=== YOUR INSTRUCTIONS ===
Lower down are entries containing pictures. Copy exactly, without those pictures, the lines from the line with "tray with misc" through the line with "Minimalistický, ale moderní".

━━━ INFORMATION SUPPLIED ━━━

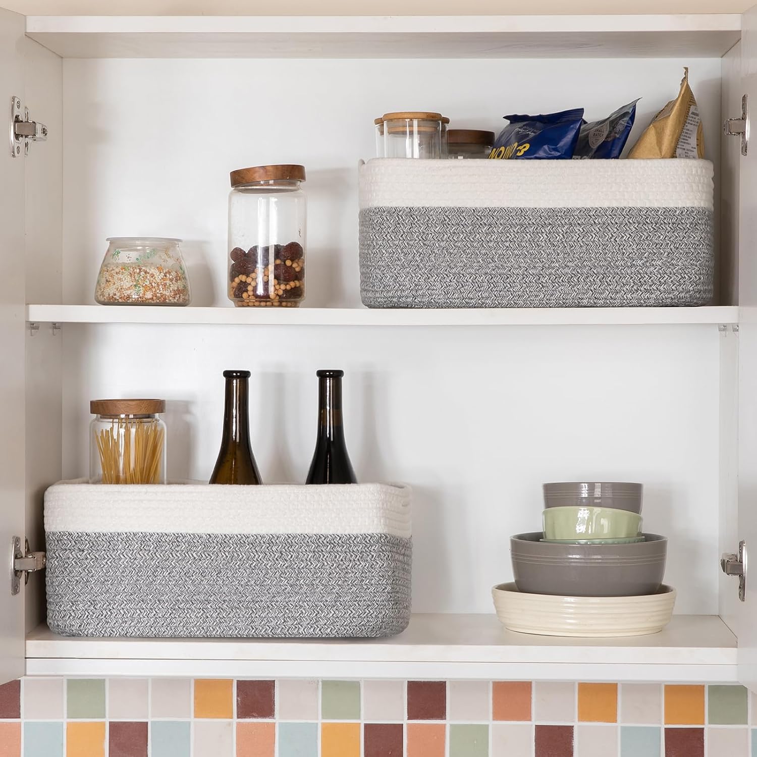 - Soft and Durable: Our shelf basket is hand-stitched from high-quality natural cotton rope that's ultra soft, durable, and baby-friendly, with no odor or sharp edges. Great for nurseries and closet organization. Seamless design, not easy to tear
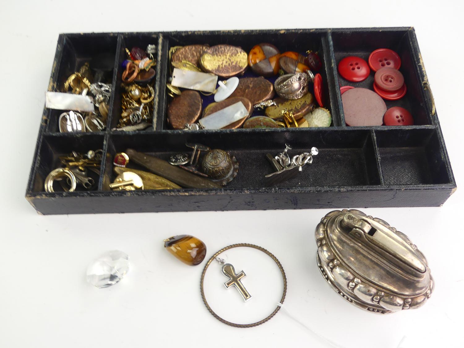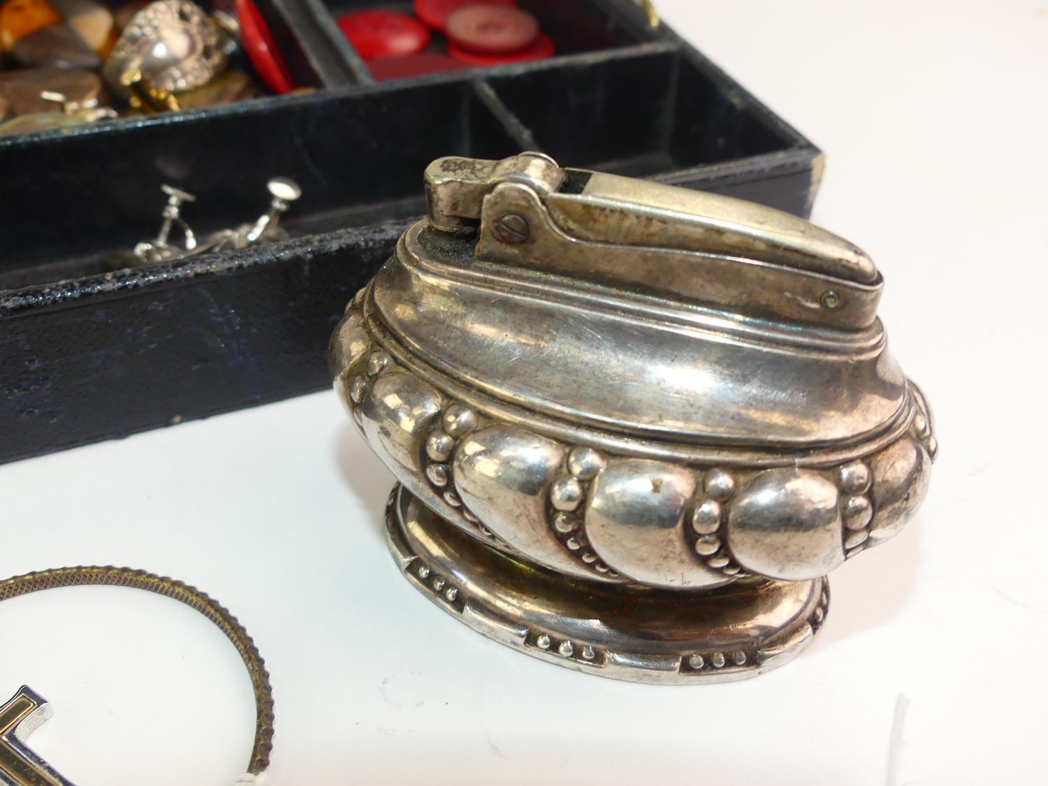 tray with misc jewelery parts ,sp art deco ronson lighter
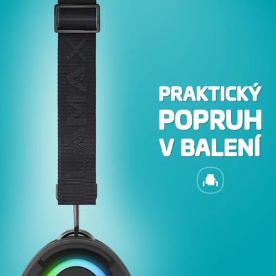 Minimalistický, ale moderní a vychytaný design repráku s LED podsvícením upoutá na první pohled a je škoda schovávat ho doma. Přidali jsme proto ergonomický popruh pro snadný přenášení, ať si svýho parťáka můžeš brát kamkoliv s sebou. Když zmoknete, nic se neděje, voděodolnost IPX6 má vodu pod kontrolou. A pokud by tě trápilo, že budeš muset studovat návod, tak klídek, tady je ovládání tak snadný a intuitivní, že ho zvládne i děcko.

━━━
━━━ INFORMATION SUPPLIED ━━━

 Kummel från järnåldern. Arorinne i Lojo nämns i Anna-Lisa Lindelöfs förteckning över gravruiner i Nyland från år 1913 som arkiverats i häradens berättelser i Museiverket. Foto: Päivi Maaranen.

━━━

=== PROBLEM SOLUTION ===
 tray with misc jewelery parts ,sp art deco ronson lighter
 Minimalistický, ale moderní a vychytaný design repráku s LED podsvícením upoutá na první pohled a je škoda schovávat ho doma. Přidali jsme proto ergonomický popruh pro snadný přenášení, ať si svýho parťáka můžeš brát kamkoliv s sebou. Když zmoknete, nic se neděje, voděodolnost IPX6 má vodu pod kontrolou. A pokud by tě trápilo, že budeš muset studovat návod, tak klídek, tady je ovládání tak snadný a intuitivní, že ho zvládne i děcko.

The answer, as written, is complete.